◆ Exercise instructions ◆
Please set down exactly the lines from the one that contains "Wood pallets are" through the end of the material, leaving out every picture.
---------- The data
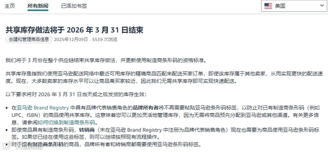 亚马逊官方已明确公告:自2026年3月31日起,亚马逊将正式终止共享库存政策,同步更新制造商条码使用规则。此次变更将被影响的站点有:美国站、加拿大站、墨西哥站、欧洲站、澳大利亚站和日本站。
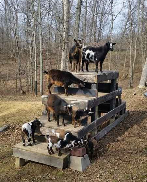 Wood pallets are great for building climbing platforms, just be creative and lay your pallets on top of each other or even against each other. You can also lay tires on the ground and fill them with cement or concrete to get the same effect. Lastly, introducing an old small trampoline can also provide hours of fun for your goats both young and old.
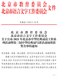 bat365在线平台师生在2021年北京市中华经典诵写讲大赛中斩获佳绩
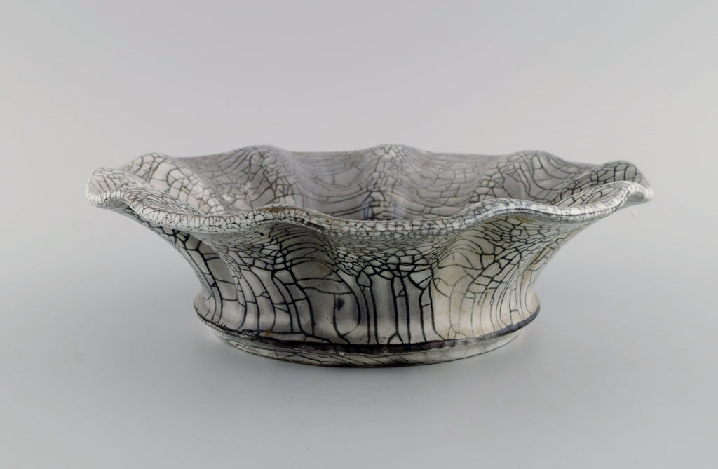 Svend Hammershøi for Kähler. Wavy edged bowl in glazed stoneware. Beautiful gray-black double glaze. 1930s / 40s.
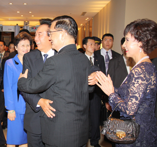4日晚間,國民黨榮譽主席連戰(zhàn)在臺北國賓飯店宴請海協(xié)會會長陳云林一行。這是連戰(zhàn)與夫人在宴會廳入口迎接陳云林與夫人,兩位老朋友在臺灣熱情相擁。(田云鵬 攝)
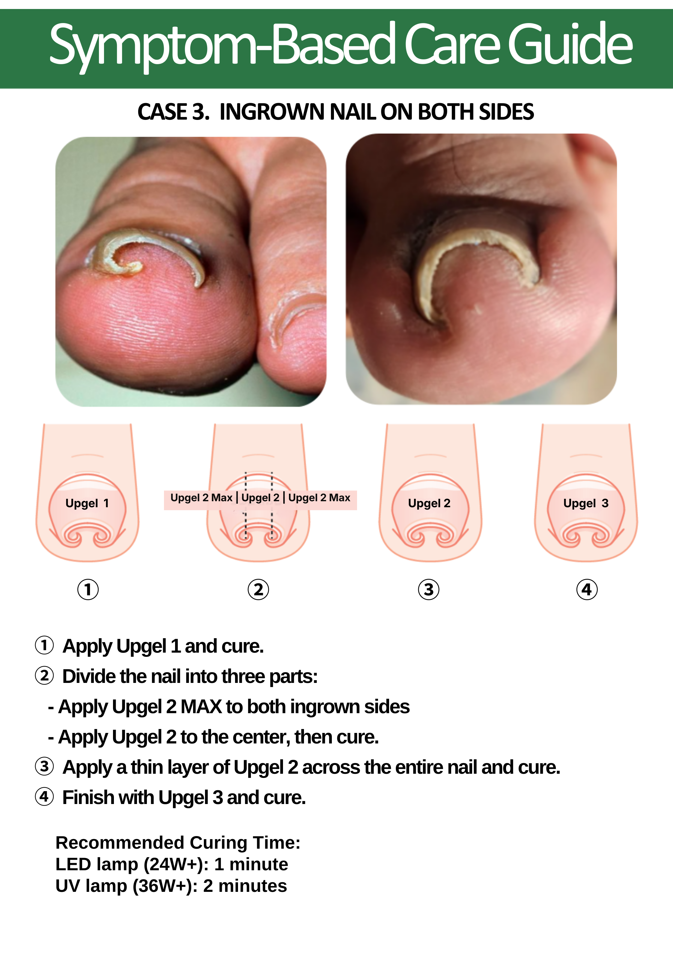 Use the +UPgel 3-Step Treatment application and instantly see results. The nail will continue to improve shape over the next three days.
--------------------
◆ Response below ◆
 Wood pallets are great for building climbing platforms, just be creative and lay your pallets on top of each other or even against each other. You can also lay tires on the ground and fill them with cement or concrete to get the same effect. Lastly, introducing an old small trampoline can also provide hours of fun for your goats both young and old.
 bat365在线平台师生在2021年北京市中华经典诵写讲大赛中斩获佳绩
 Svend Hammershøi for Kähler. Wavy edged bowl in glazed stoneware. Beautiful gray-black double glaze. 1930s / 40s.
4日晚間,國民黨榮譽主席連戰(zhàn)在臺北國賓飯店宴請海協(xié)會會長陳云林一行。這是連戰(zhàn)與夫人在宴會廳入口迎接陳云林與夫人,兩位老朋友在臺灣熱情相擁。(田云鵬 攝)
 Use the +UPgel 3-Step Treatment application and instantly see results. The nail will continue to improve shape over the next three days.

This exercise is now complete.